Republican Senator Rand Paul of Kentucky is already eyeing a 2028 presidential run – and his pitch to voters sounds more like something you'd hear from a Chamber of Commerce lobbyist than a conservative leader.
In a revealing interview with CBS News, Paul admitted he's considering another White House bid to provide an "alternative" to the populist wing that has transformed the Republican Party and delivered historic victories under President Trump's leadership.
"On many days, it's me in the Senate, the only one left for free trade," Paul complained to CBS journalist Robert Costa. "But I think there still is a desire among business for it."
There it is, folks – while President Trump is busy delivering on his America First agenda with targeted tariffs that are bringing manufacturing jobs back to American workers, Paul is apparently pining for the good old days when globalist trade deals shipped our jobs to China.

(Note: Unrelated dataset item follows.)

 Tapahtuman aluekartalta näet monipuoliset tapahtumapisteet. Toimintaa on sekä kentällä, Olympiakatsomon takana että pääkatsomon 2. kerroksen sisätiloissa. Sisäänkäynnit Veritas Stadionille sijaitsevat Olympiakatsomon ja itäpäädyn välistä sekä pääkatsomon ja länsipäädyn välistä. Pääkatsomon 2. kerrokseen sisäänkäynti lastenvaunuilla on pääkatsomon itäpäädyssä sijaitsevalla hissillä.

Paul went on to lament that "there used to be a free market/Libertarian wing of the party, and now there's not much left." What he's really saying is that there used to be Republicans willing to put multinational corporations ahead of American workers – and he misses those days.
The Swamp Strikes Back?
This isn't Paul's first rodeo. He ran unsuccessfully in 2016, the same year Trump's populist message resonated with millions of forgotten Americans who were tired of politicians serving Wall Street instead of Main Street.

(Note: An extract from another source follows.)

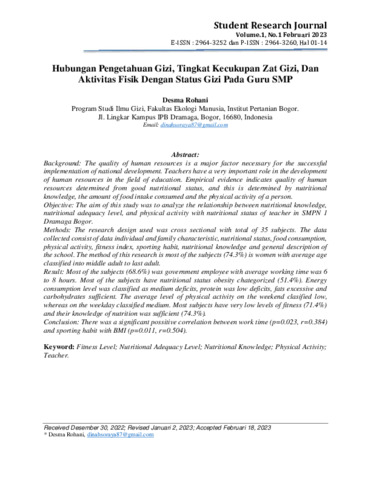 Desma, Rohani (2023) Hubungan pengetahuan gizi, tingkat kecukupan zat gizi, dan aktivitas fisik dengan status gizi pada guru SMP. Student Research Journal, 1 (1): 1. pp. 1-14. ISSN 2964-3260

Now, as President Trump delivers on mass deportations, border security, and bringing jobs back to America, Paul wants to offer voters a return to the failed policies of the past? The same "free trade" policies that hollowed out the Rust Belt and made China rich while American communities suffered?
Paul says he'll make his decision after the 2026 midterms, giving him plenty of time to test whether Republican voters have any appetite for going backward.

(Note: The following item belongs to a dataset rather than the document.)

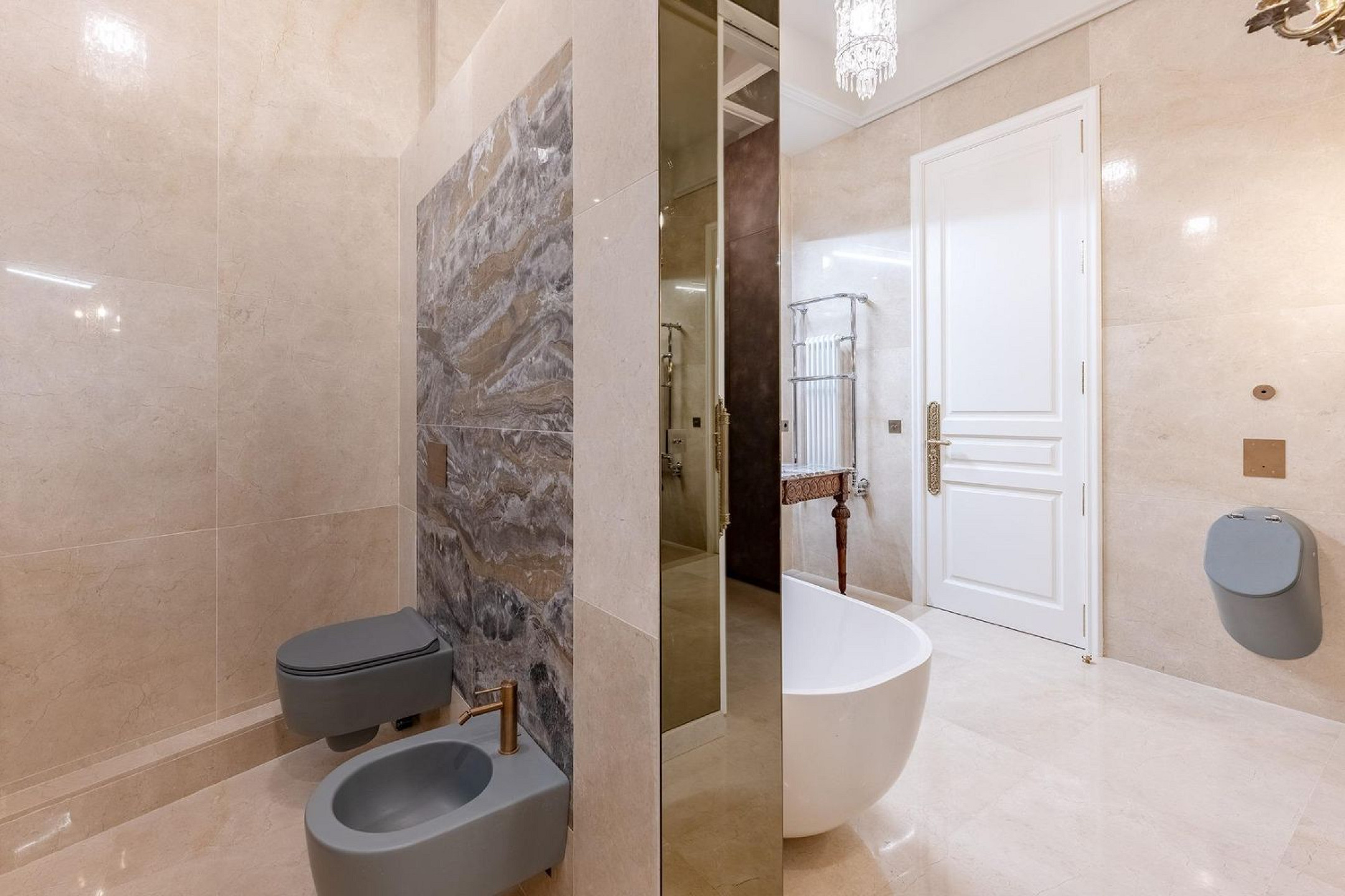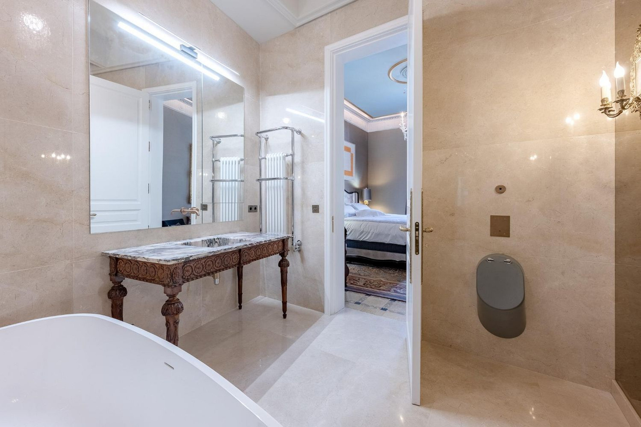 В квартире три спальни, две гостиные и четыре ванные комнаты, две из них — en suite. Более 300 метров стен обшиты французским шелком, выполненным вручную — мастерством, которым владеют лишь два ремесленника во всей Каталонии. Мягкая шелковая отделка не только придает роскошную фактуру, но и поглощает звук, обеспечивая полную приватность. Деревянные рамы с двойными стеклопакетами полностью изолируют жилище от внешнего шума.

Here's a reality check for Senator Paul: The populist "wing" isn't a wing anymore – it's the entire bird. American voters chose Trump's vision over the establishment's failed promises, and they're not looking back.
Will Republican primary voters in 2028 choose America First policies that deliver results, or return to the globalist agenda that gave us decades of decline? Something tells us they've already made that choice.